§ **What you need to do**
For this exercise, an exact copy is needed of only the lines from the one containing "Imagine the fancy" through the end of the data, with pictures left out.

§ **Data below**
'''
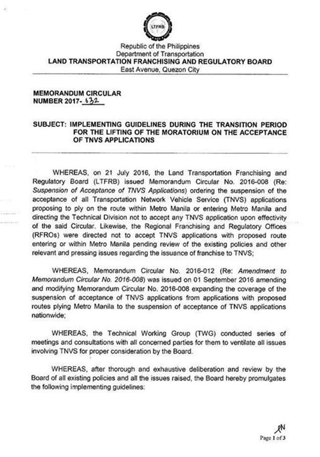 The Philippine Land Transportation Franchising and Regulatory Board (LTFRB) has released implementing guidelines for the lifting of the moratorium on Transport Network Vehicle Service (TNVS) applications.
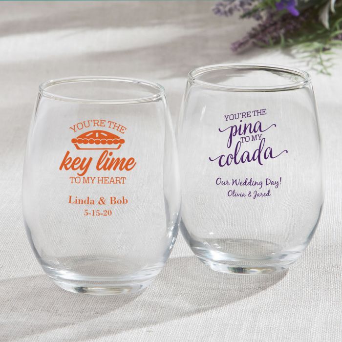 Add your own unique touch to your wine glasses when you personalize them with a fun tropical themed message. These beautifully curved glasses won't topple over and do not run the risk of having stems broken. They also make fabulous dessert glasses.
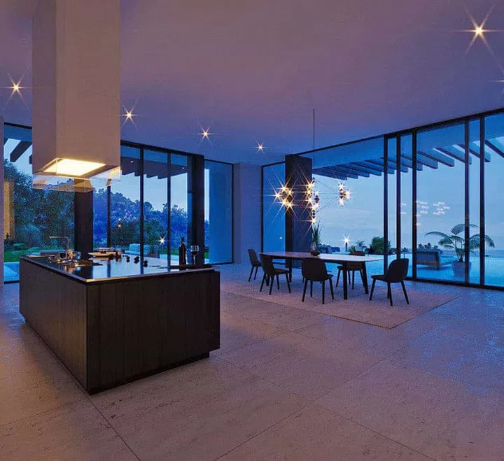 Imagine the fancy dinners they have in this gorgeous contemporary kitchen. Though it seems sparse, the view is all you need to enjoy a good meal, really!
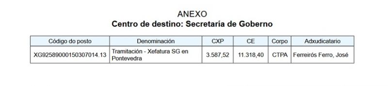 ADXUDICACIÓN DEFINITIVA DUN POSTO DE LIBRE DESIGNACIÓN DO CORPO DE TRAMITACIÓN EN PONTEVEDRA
'''
§ **Finished task**
 Imagine the fancy dinners they have in this gorgeous contemporary kitchen. Though it seems sparse, the view is all you need to enjoy a good meal, really!
 ADXUDICACIÓN DEFINITIVA DUN POSTO DE LIBRE DESIGNACIÓN DO CORPO DE TRAMITACIÓN EN PONTEVEDRA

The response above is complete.